2.8.2 Implementing court orders that vary assessments
When the Registrar is notified of a court order made under the child support legislation, the Registrar must take action that is necessary to amend the child support assessment to give effect to the order. This section explains how the Registrar gives effect to specific kinds of court orders.
CSA Act section 66, section 75, section 98SA, section 108, section 112, section 113, section 116, section 118, section 119, section 127, section 138, section 142
CSRC Act Part VII, Part VIIIB
Implementation of court orders
When a court's decision under the child support legislation becomes final, the Registrar must take action that is necessary to amend the child support assessment to give effect to the order. However, the Registrar may, and generally will, give effect to a court order as soon as possible after being notified of the provisions of the court order, without waiting for the order to become final. If the order is changed following an appeal, the Registrar will amend the child support assessment again to reflect the terms of the later order.
Note: An order made by consent of the parties is an order of a court, and not a child support agreement.
When court orders become final
An order of a single Judge or Magistrate becomes final at the end of the period allowed by the court rules for an appeal to a higher court. This is usually 28 days. An order of the full bench of the Family Court will become final 30 days after it is made unless an application is made to the High Court for special leave to appeal.
This section explains how the Registrar gives effect to specific kinds of court orders, including:
- orders for a periodic amount
- orders for a nil assessment
- orders to reduce arrears
- orders varying, setting aside or nullifying an earlier order
- orders the Registrar cannot implement
- severability of clauses
The section also discusses:
- end dates of orders to change the assessment
- the effect of an agreement on an order to change the assessment
- the effect of a terminating event on an order to change the assessment
- orders setting a rate of child support for more than one child
- unemployment clauses
- self-supporting children
- children in full-time education
Orders for a periodic amount
An order may say that a parent must pay a periodic amount but not state whether the order is made under the CSA Act or if it is an order for a change to the assessment.
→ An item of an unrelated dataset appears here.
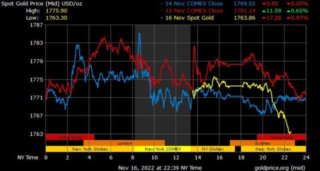 Giá vàng tương lai giao tháng 12/2022 trên sàn Comex New York giảm 1 USD xuống mức 1.775,8 USD/ounce.
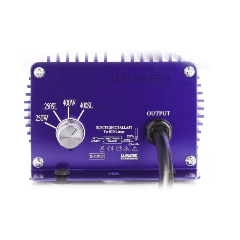 Kvalitní digitální předřadník Lumatek 400W s IEC konektorem je určen pro pěstování rostlin pod umělým HPS nebo MH osvětlením. Předřadník umožňuje čtyřlevelovou regulaci světelného výkonu v rozpětí 250-275-400-440W. Ochrana proti přehřátí nebo zkratům je samozřejmostí.

The Registrar will interpret such orders as orders to change the assessment unless there is an indication to the contrary. If there is a heading on the order that suggests it is made under the provisions of the FL Act, Services Australia should obtain a copy of the application to check whether the applicant applied for a departure order.
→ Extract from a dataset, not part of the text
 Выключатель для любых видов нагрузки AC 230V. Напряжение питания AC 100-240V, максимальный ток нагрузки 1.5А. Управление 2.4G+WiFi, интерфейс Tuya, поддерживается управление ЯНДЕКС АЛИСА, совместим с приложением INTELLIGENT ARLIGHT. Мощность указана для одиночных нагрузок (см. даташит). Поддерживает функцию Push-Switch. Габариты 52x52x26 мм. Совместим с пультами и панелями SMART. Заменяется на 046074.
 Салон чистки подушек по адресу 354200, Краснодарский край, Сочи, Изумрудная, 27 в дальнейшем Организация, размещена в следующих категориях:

The Registrar will generally accept that the court has acted correctly in making the order, unless there is a further court order that has set aside the order or a finding by a court that the order was made without power.
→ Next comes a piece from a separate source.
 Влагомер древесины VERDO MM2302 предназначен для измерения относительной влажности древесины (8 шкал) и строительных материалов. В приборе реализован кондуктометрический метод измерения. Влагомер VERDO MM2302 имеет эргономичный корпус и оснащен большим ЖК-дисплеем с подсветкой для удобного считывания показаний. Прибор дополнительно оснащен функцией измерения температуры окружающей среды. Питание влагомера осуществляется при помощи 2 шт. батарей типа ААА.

Orders reducing the assessment to nil
The Registrar cannot make a change of assessment decision that has the effect of reducing the annual rate of child support below the minimum annual rate of child support if the liable parent has less than regular care of the children (CSA Act section 98SA). However, a court may make such orders and the Registrar will give effect to them (CSA Act sections 118, 119, 66(8)(a)).
An order to reduce arrears under the CSA Act
A departure order or child support agreement may purport to discharge arrears where an assessment has been made under the CSA Act. The child support legislation does not expressly provide for arrears to be discharged, but the Registrar will give effect to these orders and agreements where possible by varying the rate of child support for a specified period. To avoid any uncertainty, a departure order or agreement that seeks to discharge arrears should set the rate of child support for the period at a rate equal to the amount of child support that has already been paid for that period. This will have the effect of removing the accrued child support arrears.
Orders varying, setting aside or nullifying a particular order
The CSA Act does not provide for a parent to apply to have a previous court order varied or set aside. However, the same effect can be obtained by applying to a court for a departure from the assessment. If a court makes such an order, the Registrar will interpret it to be an order to change the child support assessment and will make appropriate amendments to the assessment.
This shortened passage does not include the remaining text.